19. While these measures will go some way to reduce the risks identified earlier, our view is that strengthening existing measures, which is in effect extending the status quo, is unlikely to be sufficient in itself to address all the concerns raised with the existing regime. For example, it will not address the issue of preventing persons with insufficient skills and experience from entering the profession and does not completely deal with the information asymmetry issue for those who are appointing practitioners. In addition, strengthening the status quo does not address the issues raised for practitioners around better co-ordination with the Australian VA regime and facilitating rehabilitations for the growing number of businesses that operate on both sides of the Tasman.
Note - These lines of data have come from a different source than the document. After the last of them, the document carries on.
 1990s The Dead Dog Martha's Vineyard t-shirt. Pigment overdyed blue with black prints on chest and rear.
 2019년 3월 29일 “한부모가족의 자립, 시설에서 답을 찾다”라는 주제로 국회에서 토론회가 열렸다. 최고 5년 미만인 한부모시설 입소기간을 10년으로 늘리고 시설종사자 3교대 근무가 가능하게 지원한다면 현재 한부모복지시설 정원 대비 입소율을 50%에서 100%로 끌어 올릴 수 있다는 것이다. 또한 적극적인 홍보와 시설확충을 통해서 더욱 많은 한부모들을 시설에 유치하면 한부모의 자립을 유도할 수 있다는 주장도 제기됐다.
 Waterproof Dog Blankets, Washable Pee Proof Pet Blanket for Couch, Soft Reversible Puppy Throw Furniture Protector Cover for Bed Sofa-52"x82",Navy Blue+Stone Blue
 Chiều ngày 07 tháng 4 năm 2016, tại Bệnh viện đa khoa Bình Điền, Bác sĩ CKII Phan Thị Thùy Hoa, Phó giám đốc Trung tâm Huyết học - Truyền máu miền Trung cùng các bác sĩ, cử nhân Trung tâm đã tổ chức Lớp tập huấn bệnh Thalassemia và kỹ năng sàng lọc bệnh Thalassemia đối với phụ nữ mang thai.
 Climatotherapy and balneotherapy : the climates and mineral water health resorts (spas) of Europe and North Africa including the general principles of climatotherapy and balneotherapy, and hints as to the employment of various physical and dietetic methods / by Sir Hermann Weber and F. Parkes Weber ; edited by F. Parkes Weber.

2.3.2 Voluntary Accreditation
20. Under a voluntary accreditation scheme, an agency is empowered by statute to certify that accredited individuals have satisfied particular requirements for demonstrating competence in a particular field. Other persons may practise but may not use specified titles or imply in any way that they are certified practitioners. Voluntary accreditation is usually accompanied by other obligations, such as specific governance requirements on the body that is responsible for running the accreditation system, and requirements relating to the investigation of complaints and disciplinary processes. Voluntary accreditation already exists in the accounting profession. The title "Chartered Accountant" is protected under the Institute of Chartered Accountants of New Zealand Act 1986. The voluntary accreditation option would add new titles for protection, in effect extending the status quo.
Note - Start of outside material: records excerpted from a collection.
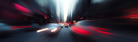 Abstract background of defocused light motion blur. Glowing urban backdrop, heavy night traffic city glimmers, bokeh, sparkle shiny purple and red lines wallpaper
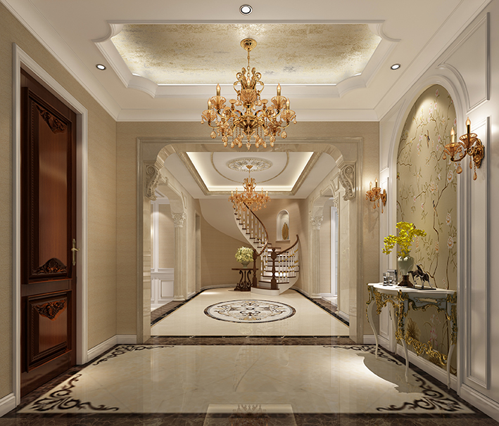 别墅玄关的间格要适中,一般以两米高度为最合适,如果玄关的间格太高,会给人一种压迫感,如果太低,会没有装饰效果。
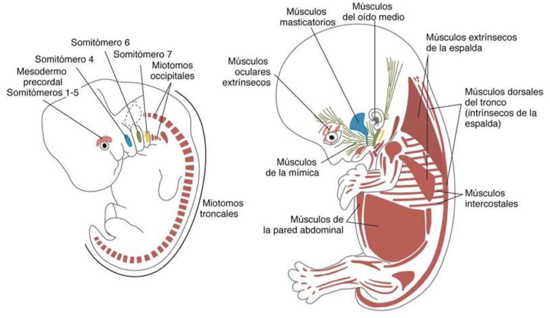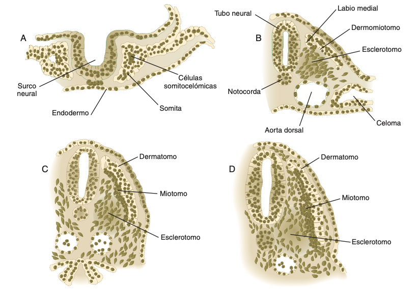 El desarrollo de huesos y músculos comienza en la cuarta semana de gestación, cuando el mesodermo paraxial se diferencia en somitas; este último da lugar al esclerotomo, miotomo, y miotomo. El esclerotomo rodea a la notocorda y tubo neural, dando origen a las vértebras y las costillas, mientras que los miotomas forman la mayor parte del sistema muscular. El dermatomo da origen a la dermis.
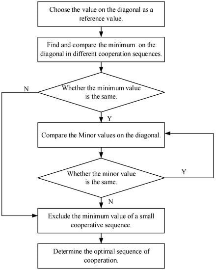 The cost reduction ratio of participant in sequence when member joins the alliance as the participant can be calculated by the Equation (36). The selection of the monotonic path strategy is based on the reduction percentage of each participant. The effective sequence to select should strictly increase. In other words, the best alliance formation sequence should obey the principle wherein the cost reduction rate of participant should monotonically increase; such solution is called a Strictly Monotonic Path (SMP). In cases where multiple sequences satisfy the SMP principle, the process presented in Figure 3 can be followed to select the best.
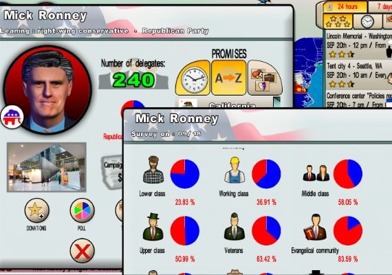 Spielen Sie als realer Kandidat und tauchen Sie vollständig in den Kampf der US-Präsidentschaftswahlen ein
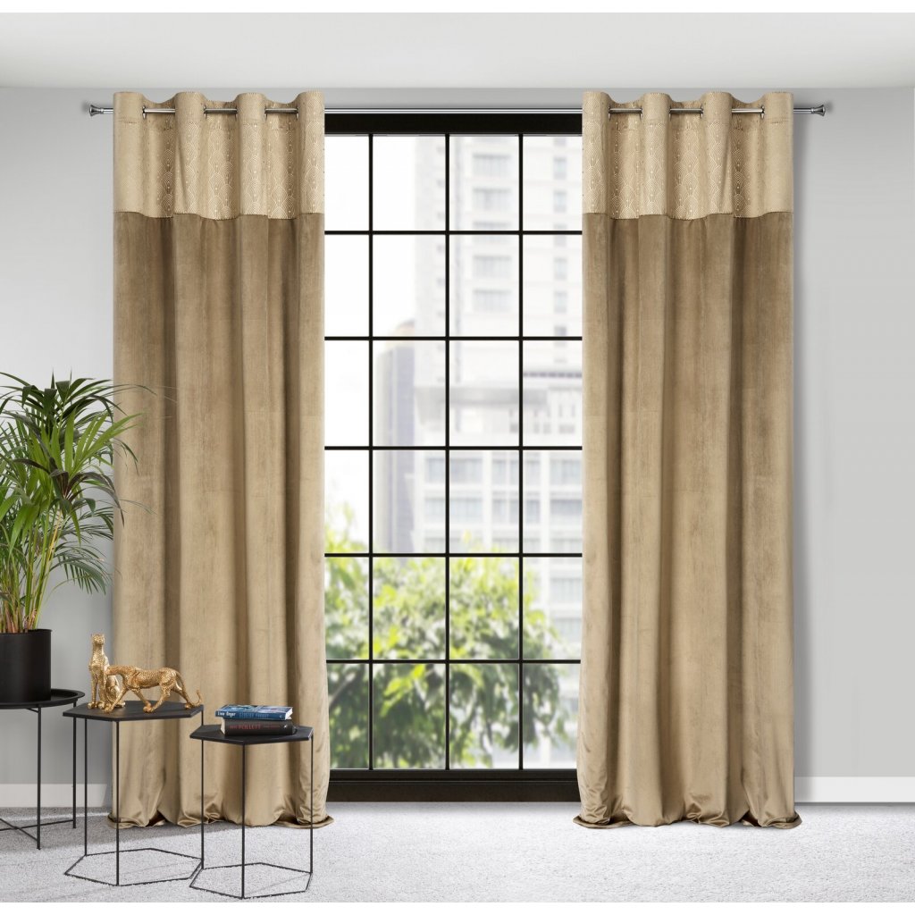 Sametový závěs s potiskem šířka: 140 cm, délka: 250 cm, barva: béžová, hmotnost: 200 GSM, složení: 100 % polyesterDoplňkové parametry

21. Voluntary accreditation would deal with some aspects of the information asymmetry problem, in that persons appointing insolvency practitioners will be able to choose practitioners that have been accredited as "qualified" to undertake the work. However, as accreditation would be voluntary, this option would not deal with the issue of preventing persons with insufficient skills and experience from entering the profession and is therefore unlikely to significantly reduce the risk of financial harm to the company, creditors and, more generally, to confidence in the credit market. For these reasons, our preliminary view on this option is that it should not be pursued.
2.3.3 Licensing
22. Licensing regimes typically prohibit all but licensed people from undertaking certain functions. The granting of a licence is usually dependent on a person meeting and maintaining certain prescribed standards. These often include education requirements, standards relating to character or fitness, minimum levels of experience, and mandatory insurance or bonds. A licensing regime would also require an assessment body, and a body to supervise and enforce the requirements on practitioners.
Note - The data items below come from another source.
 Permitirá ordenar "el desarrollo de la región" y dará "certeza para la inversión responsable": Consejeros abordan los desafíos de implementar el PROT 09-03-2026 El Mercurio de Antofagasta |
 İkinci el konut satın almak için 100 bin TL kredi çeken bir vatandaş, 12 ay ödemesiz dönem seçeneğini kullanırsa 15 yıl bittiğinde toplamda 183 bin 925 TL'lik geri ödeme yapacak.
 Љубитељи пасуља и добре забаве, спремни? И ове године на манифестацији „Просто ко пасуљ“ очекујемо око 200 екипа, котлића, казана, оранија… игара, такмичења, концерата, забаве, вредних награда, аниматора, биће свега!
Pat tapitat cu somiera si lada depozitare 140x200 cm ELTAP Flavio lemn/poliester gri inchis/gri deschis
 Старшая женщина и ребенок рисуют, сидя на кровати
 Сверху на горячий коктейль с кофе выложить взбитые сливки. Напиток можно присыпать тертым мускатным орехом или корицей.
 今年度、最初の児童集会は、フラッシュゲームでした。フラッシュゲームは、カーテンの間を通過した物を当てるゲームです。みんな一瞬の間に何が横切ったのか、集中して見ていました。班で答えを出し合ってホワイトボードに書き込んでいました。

23. Licensing systems can have the effect of excluding many persons who may not meet the required competency because they will not be able to gain the educational, training or experience requirements to obtain a licence. Licensing systems can also be designed to promote ethical standards as well as skills development and would help to reduce information asymmetry issues for those appointing practitioners.
24. While licensing systems have many advantages, no matter how well designed they are, they cannot completely eliminate the risk of incompetent practitioners becoming licensed as some individuals may meet the entry criteria even if they are not good practitioners. In addition, licensing systems are not good at excluding unethical practitioners at the time they enter the profession because a lack of ethics rarely becomes evident until an individual gains their licence and starts practising. A further issue is ensuring practitioner competency over time. Recent licensing regimes, such as that to be introduced for building practitioners under the Building Act 2004, have sought to introduce on-going competency requirements to help minimise the risk of practitioners losing competency over time by not keeping up with developments in the profession, however that risk cannot be eliminated.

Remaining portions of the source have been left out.